— Она говорила что-то такое, наводящее вас на мысль, что она может причинить ему вред?
— Нет, но…
— Ладно, что еще она говорила?
— Только то, что она собирается приступить к работе в «Хен энд Чикен»; это дальше по дороге…
— Я знаю, где это.
— …и если мне нужен друг или кто-то, кто мог бы позаботиться о Заке, то я могу сообщить ей.
МакАллистер была озадачена.
— И, основываясь на этом, вы полагаете, что она вернулась сюда приблизительно час спустя и задушила вашего ребенка. Зачем ей это делать?
— Я не знаю. То есть мне сказали, что у нее не может быть собственных детей, и муж ее бросил… Возможно, она рассердилась, потому что я не впустила ее…
— Никки, я действительно стараюсь вам помочь, — перебила ее МакАллистер, — потому что последнее, чего я хочу, это засадить человека за решетку за преступление, которого он не совершал, но то, что вы мне говорите…
— Он сказал, что это был кто-то в синем пальто, — вмешался Спенс, — а эта женщина всегда ходит в синем пальто. Однажды, когда Никки была на занятиях по растяжке, она взяла Зака на руки, не спросив разрешения.
— Слушайте, я тоже не хочу никого обвинять в том, чего этот человек не совершал, — сказала Никки, — но…
— …вы должны, по крайней мере, поговорить с ней, — закончил за нее Спенс.
МакАллистер кивнула. Когда подозреваемый вызывает у тебя симпатию, трудно оставаться объективной.
— Вы знаете, где живет эта женщина? — спросила она.
— Лакуэлл-роуд, — сказала Никки. — Я не знаю номера дома, но…
— Выясним, — перебила ее МакАллистер.
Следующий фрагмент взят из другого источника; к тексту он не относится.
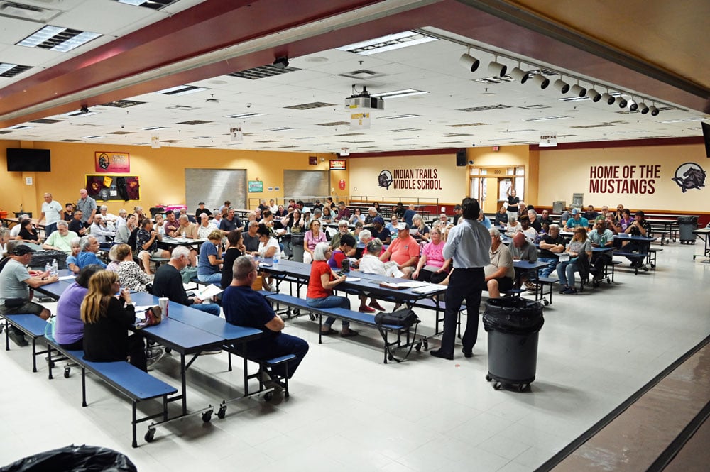 A restive neighborhood meeting that drew 120 people to the Indian Trails Middle School cafeteria Tuesday evening was a preview of the mobilizing opposition the Palm Coast Planning Board and the City Council will face later this year as the developer of the 268-home Matanzas golf course property in the L-Section again seeks to build 39 homes on a tract neighboring residents thought was to remain a natural viewshed in perpetuity.
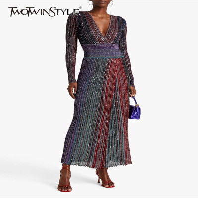 Twotwinstyle فستان مخطط للنساء كم طويل الخامس الرقبة عالية الخصر نمط الأزياء خمر نمط
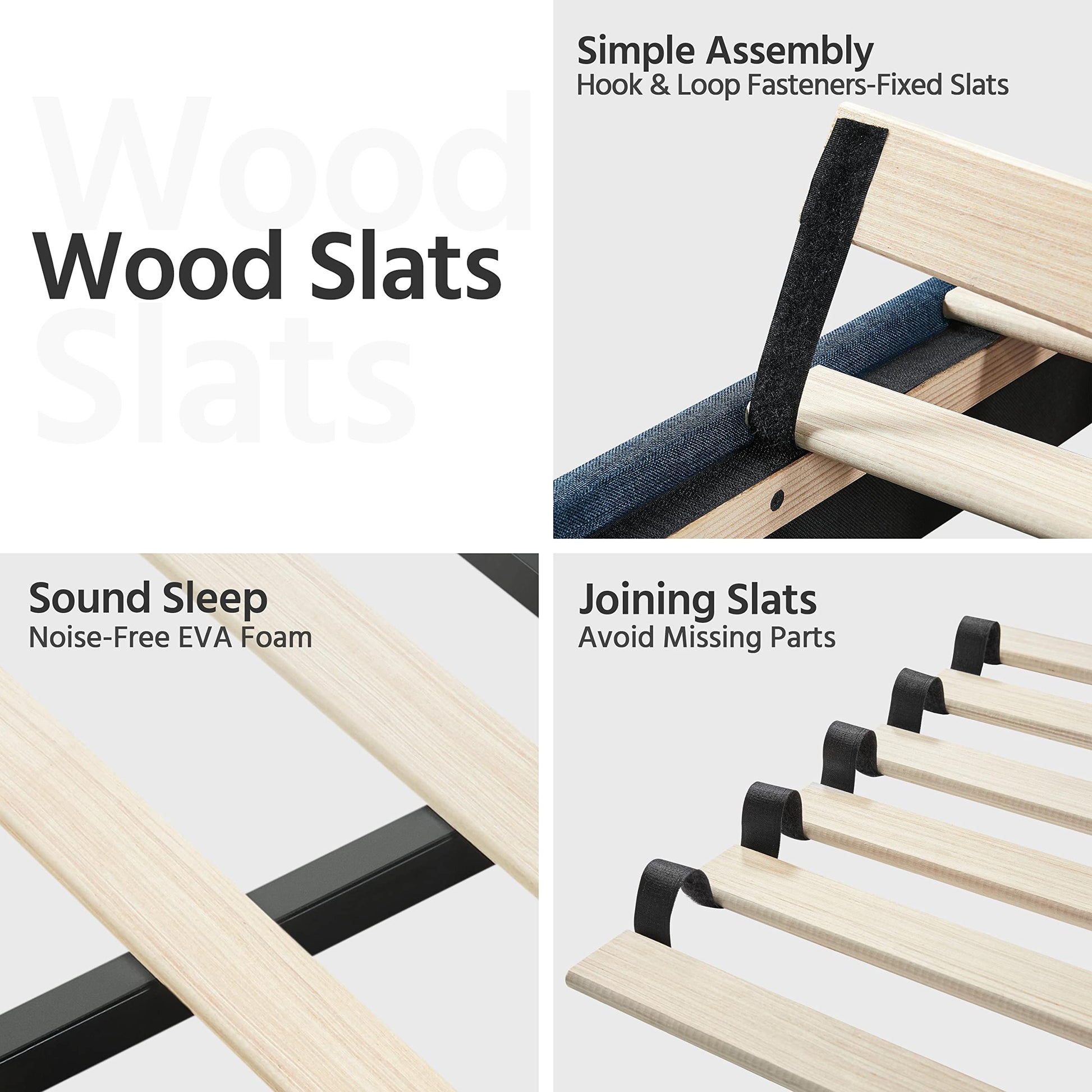 - Require no bulky box spring or any other extra foundation. After assembling the upholstered bed frame with adjustable headboard, just put your latex, foam or spring mattress on the wooden slats, and everything is all set.
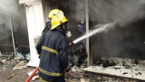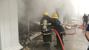 واضاف انه “تم زج 20 فرقة إطفاء مع عجلة السلم لتتمكن من إخماد الحادث والإحالة دون امتداد النيران إلى المحال التجارية القريبة والمجاورة لموقع الحادث”، مشيرة الى انه “تم انهاء الحريق دون تسجيل إصابات بشرية مع تحجيم الأضرار المادية”.
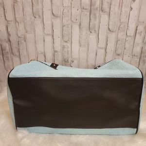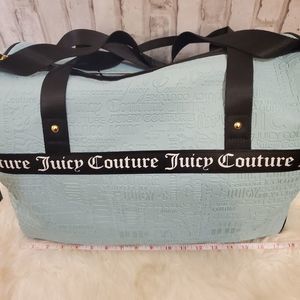 NWT Be ready for that spring trip with this Juicy Couture Word Search Our Zip Says It All duffle bag in a gorgeous baby blue color. Get all your essentials in one great bag. Covered inside and out with the classic Juicy logo, this duffle features a large hidden zippered pocket on the front, a very spacious interior compartment, three slip pockets and one deep zippered pocket on the inside. Has adjustable crossbody strap and handles with a 10in drop. Additional approximate measurements shown in photos. Brand new!!!
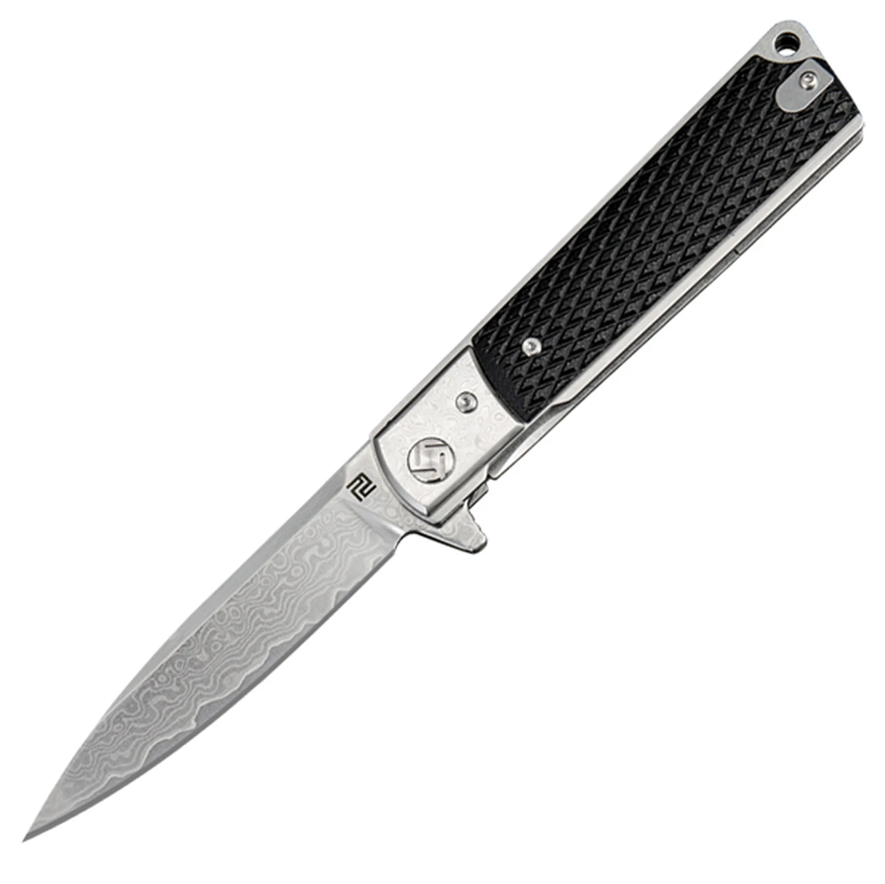 Artisan Cutlery Classic Folding Knife (ATZ-1802GDGL) – 3.94″ Damascus Drop Point Blade, Black G-10 Handle with Damasteel Bolster
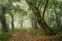 Bospad met oeroude kastanjebomen op een mistige september ochtend. De overhellende boom aan de rechterkant geeft dit verstilde bosgezicht een besloten karakter.
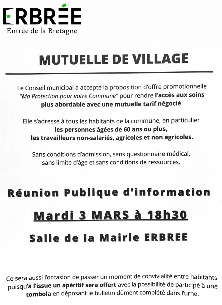 Mutuelle de Village – Réunion publique le 3 mars à la Mairie
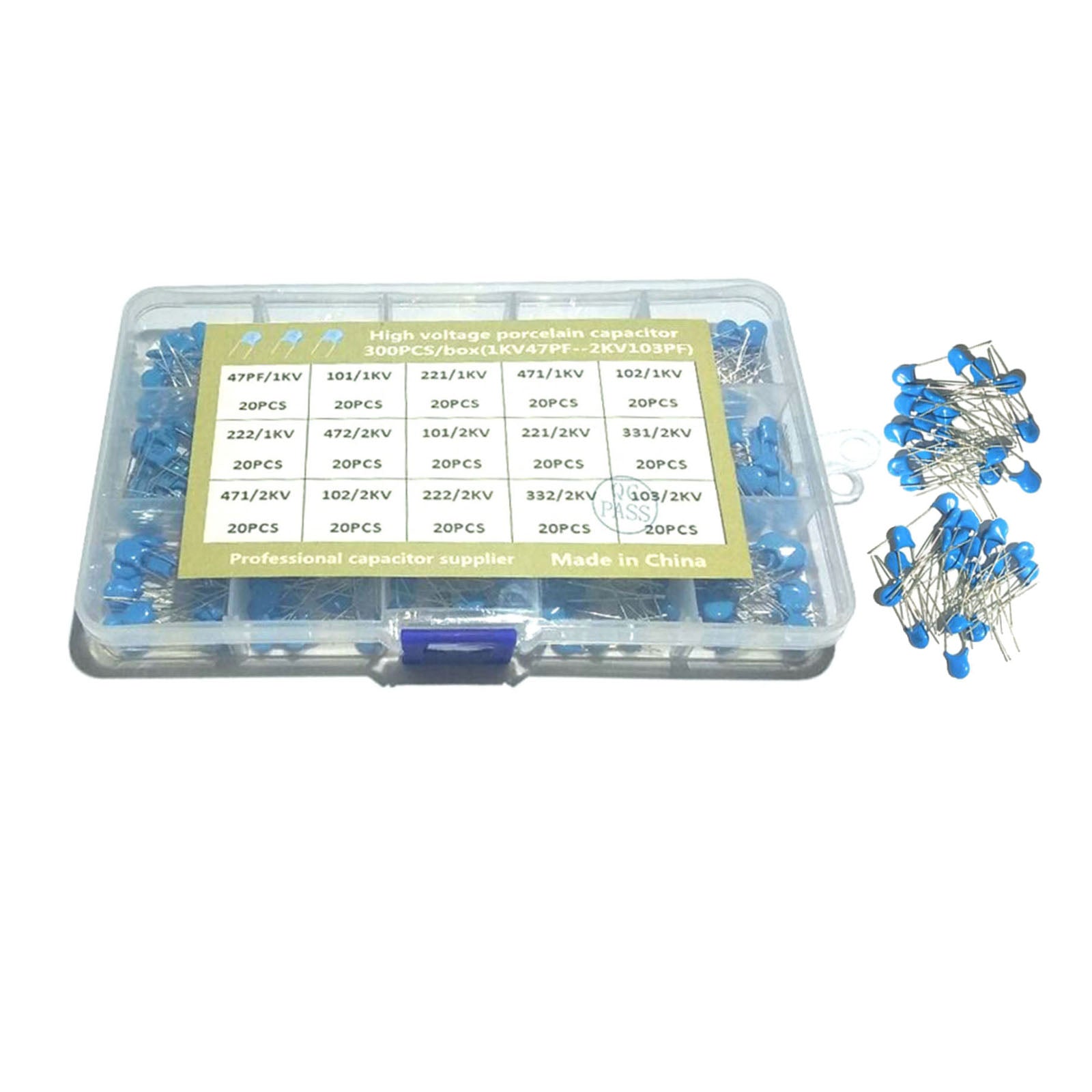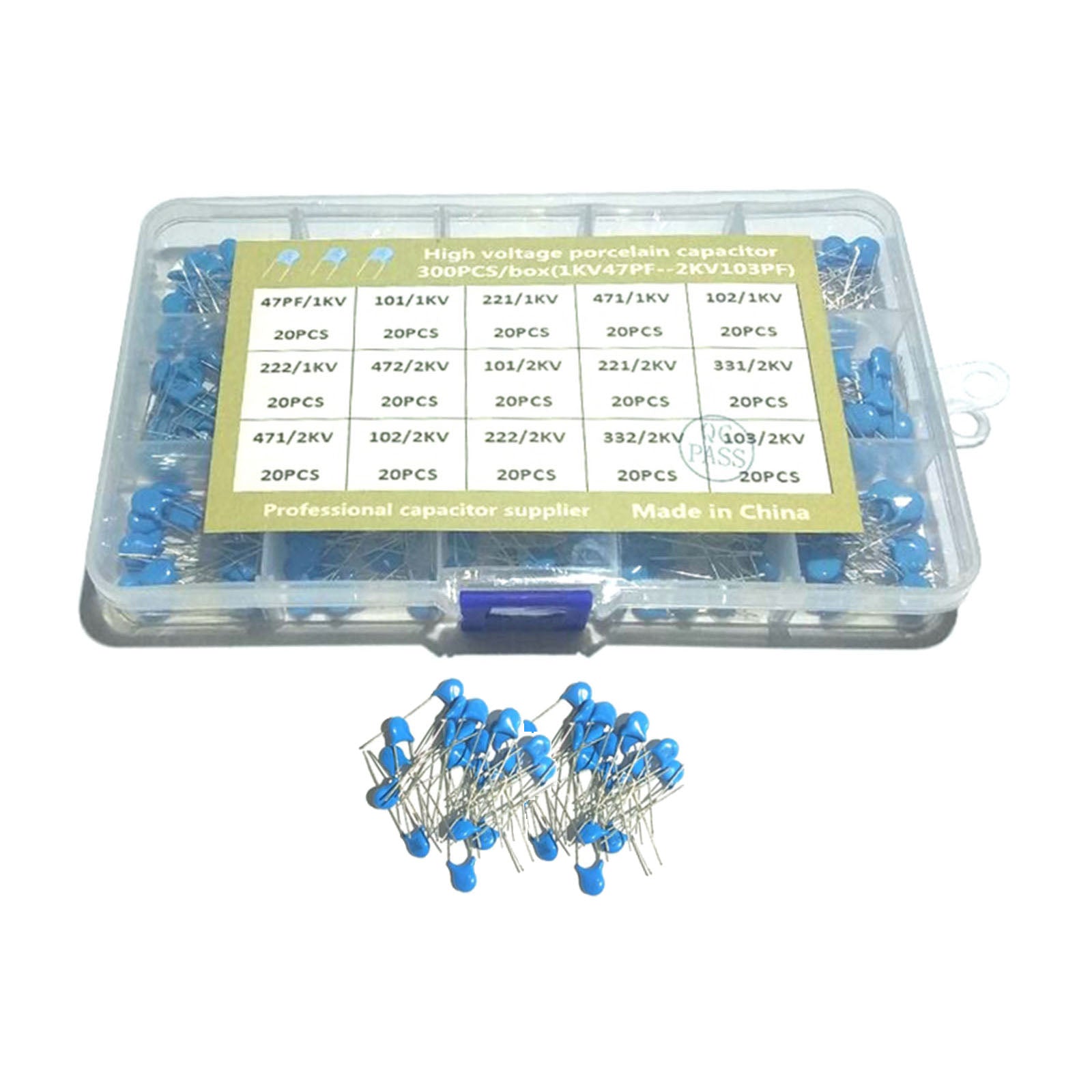 15 Values 300pcs Electrolytic Capacitor Assortment Box Kit 1KV47PF-2KV103PF

Затем, поднявшись, она с прищуром посмотрела на Никки. — Я слышала о том, что сегодня случилось в тюрьме, — сказала она. — С вами все в порядке?
Никки испуганно покосилась на Спенса.
— Да. Ничего страшного, — ответила она.
МакАллистер саркастически подняла бровь.
— Кулаки Сирины — это всегда страшно, — заметила она, — но, возможно, вам станет легче, если я скажу, что надзирательница, открывшая дверь, временно отстранена от работы.
Вообще-то, ей действительно стало легче, поняла Никки, но эта проблема уже относилась либо к прошлому, либо к далекому будущему. Единственное, что сейчас имело значение, это на самом ли деле Терри Уолкер приходила к ней в то утро дважды.
Выйдя на улицу, сержант МакАллистер сделала несколько звонков, выяснила номер дома Терри Уолкер и решила, что с тем же успехом может и сама сходить к ней и посмотреть, дома ли это вероятное чудовище с проблемой бесплодия.
Короткой прогулки до «Хен энд Чикен» и десяти минут разговора с Терри оказалось достаточно, чтобы убедить МакАллистер: Терри в синем пальто, красной куртке или даже в ядовито-розовом пончо не возвращалась в тот день к дому Никки Грант.
— Она заступила на смену ровно в половине одиннадцатого, — подтвердил владелец паба, — а уехала, когда уже было начало четвертого. Я точно знаю, потому что вводил ее в курс дела и не выходил из бара, кроме как в сортир, так что ей нужно было бы очень быстро бежать, если она хотела смотаться туда и обратно. А что она, Терри наша, натворила? Только не говорите мне, что я должен уволить ее, потому как я считаю, что она девчонка экстра-класса. Моя старуха тоже может за нее поручиться, потому что она была в баре в тот день: у них тут проходило собрание Клуба любителей книги.
— Думаю, вы можете и дальше с ней работать, — ответила МакАллистер и, проглотив порцию лимонного биттера, добавила, что, возможно, к нему зайдут, чтобы снять письменные показания, и ушла.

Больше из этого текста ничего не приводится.